Thousands of babies born each year in the UK fail to develop normally because of errors in their genetic makeup. Currently, diagnosis is restricted to a small minority of children and requires the clinician to recognise the appearance of the child and the pattern of symptoms, supplemented by the use of microscopes to identify large rearrangements of the genetic material in chromosomes.
Research shows that the latest molecular testing methods identify previously undetectable changes in chromosomes allowing new diagnoses to be made. However, clinical use is hampered by the limited availability and inconsistent application of these technologies, and by lack of basic knowledge to link genetic changes directly to symptoms. The consequence is that clinical diagnoses remain impossible except for a small number of children.
Dr Nigel Carter of the Wellcome Trust Sanger Institute and colleagues propose to apply state of the art genetic sequencing and molecular testing to 12 000 UK children with abnormal development. The results will provide a unique online catalogue of genetic changes linked to symptoms that will enable clinicians to diagnose developmental disorders. Furthermore, they will design more efficient and cheaper diagnostic assays for relevant genetic testing to be offered to all such patients in the UK and so transform clinical practice for children with abnormal development.
Cancer is caused by the accumulation of genetic damage (mutations) in cells within a particular organ. These mutations are only found in the cancerous cells and therefore could be used to track the malignancy during treatment. Advances in DNA sequencing allow the high-throughput identification of these mutations from any cancer sample in a clinically relevant time-frame. As tumour cells die, they release their DNA into the bloodstream. Dr Peter Campbell, Wellcome Trust Sanger Institute and colleagues propose to use the new generation of genetic sequencing technologies to identify a particular class of mutations caused by the abnormal rearrangement of chromosomes in patients with breast cancer and colorectal cancer.

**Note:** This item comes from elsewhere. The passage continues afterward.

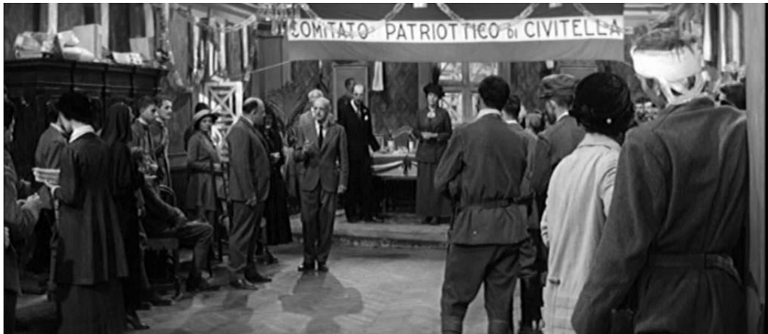
Figure 45: the regiment attends a rally in a nearby village in La Grande Guerra (Mario Monicelli, 1959)

in the Italy of the early 1960s, the historical “ filone ” of comedy Italian style (not only Monicelli’s) has indeed played a social role: that of giving to the popular urbanised masses a modern historical knowledge, and most of all that of giving them the consciousness of having been active subjects (as much as vexed ones) of Italy’s history (174). 51

From these rearrangements, the team will develop assays to detect DNA from each patient's cancer that has been released into the bloodstream. Such assays will be highly specific (minimal risk of falsely positive results) and sensitive (capable of detecting one copy of tumour DNA in many millilitres of blood). The programme will measure the amount of disease using blood samples collected before surgery, after surgery, during chemotherapy and at regular time-points post-therapy. Dr Campbell and colleagues will therefore be able to assess the ability of this approach to identify high-risk patients before treatment begins, to monitor response to treatment and to predict cancer relapse before it is clinically apparent.